English Gunpowder Plot conspirator (c.1560–1605)

Thomas Percy (c. 1560 – 8 November 1605) was a member of the group of provincial English Catholics who planned the failed Gunpowder Plot of 1605. He was a tall, physically impressive man; little is known of his early life beyond his matriculation in 1579 at the University of Cambridge, and his marriage in 1591 to Martha Wright. In 1596 his second cousin once removed, Henry Percy, 9th Earl of Northumberland, appointed him constable of Alnwick Castle and made him responsible for the Percy family's northern estates. He served the earl in the Low Countries in about 1600–1601, and in the years before 1603 was his intermediary in a series of confidential communications with King James VI of Scotland.
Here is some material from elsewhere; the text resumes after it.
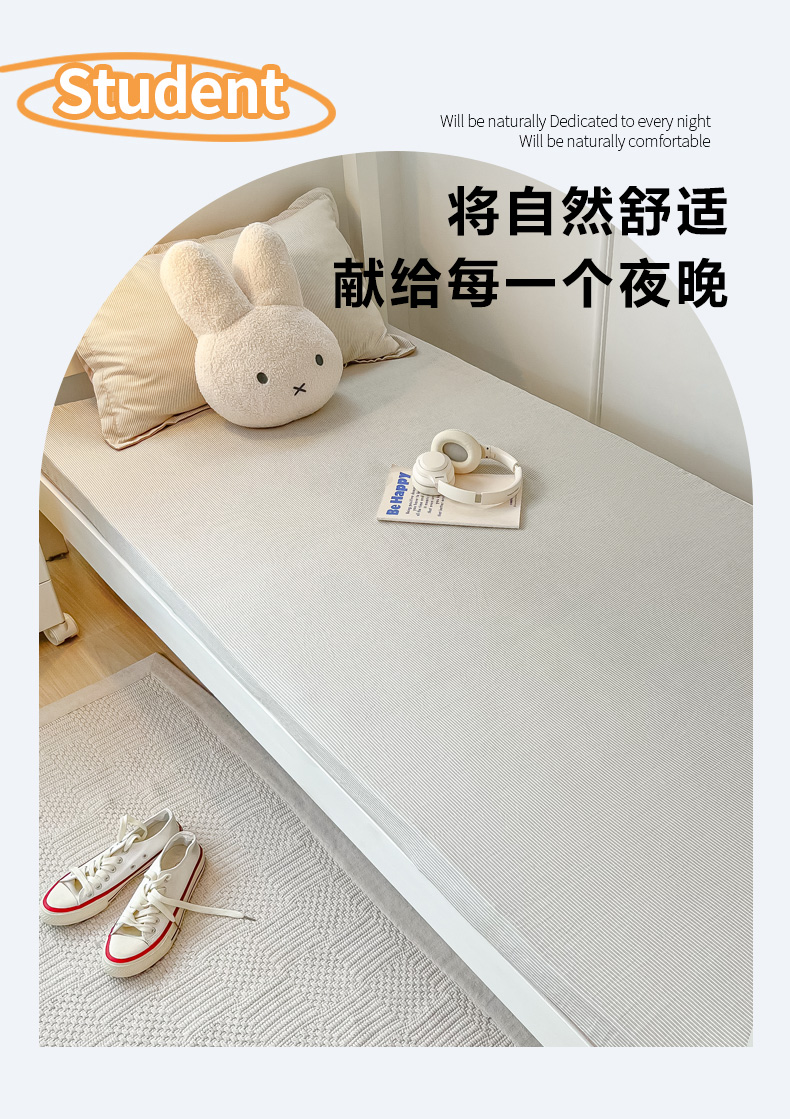 商品名称:缦绣阁家纺 2026新款亲肤水洗棉舒适学生上下铺床垫套床笠床罩宿舍专用 垫套-条纹浅咖

Following James's accession to the English throne in 1603, Percy became disenchanted with the new king, who he supposed had reneged on his promises of toleration for English Catholics. His meeting in June 1603 with Robert Catesby, a religious zealot similarly unimpressed with the new royal Stuart dynasty, led the following year to his joining Catesby's conspiracy to kill the king and his ministers by blowing up the House of Lords with gunpowder. Percy helped fund the group and secured the leases to certain properties in London, one of which was the undercroft directly beneath the House of Lords, in which the gunpowder was finally placed. The conspirators also planned to instigate an uprising in the Midlands and to simultaneously kidnap James's daughter, Elizabeth. Percy was to remain in London and secure the capture of her brother, Henry.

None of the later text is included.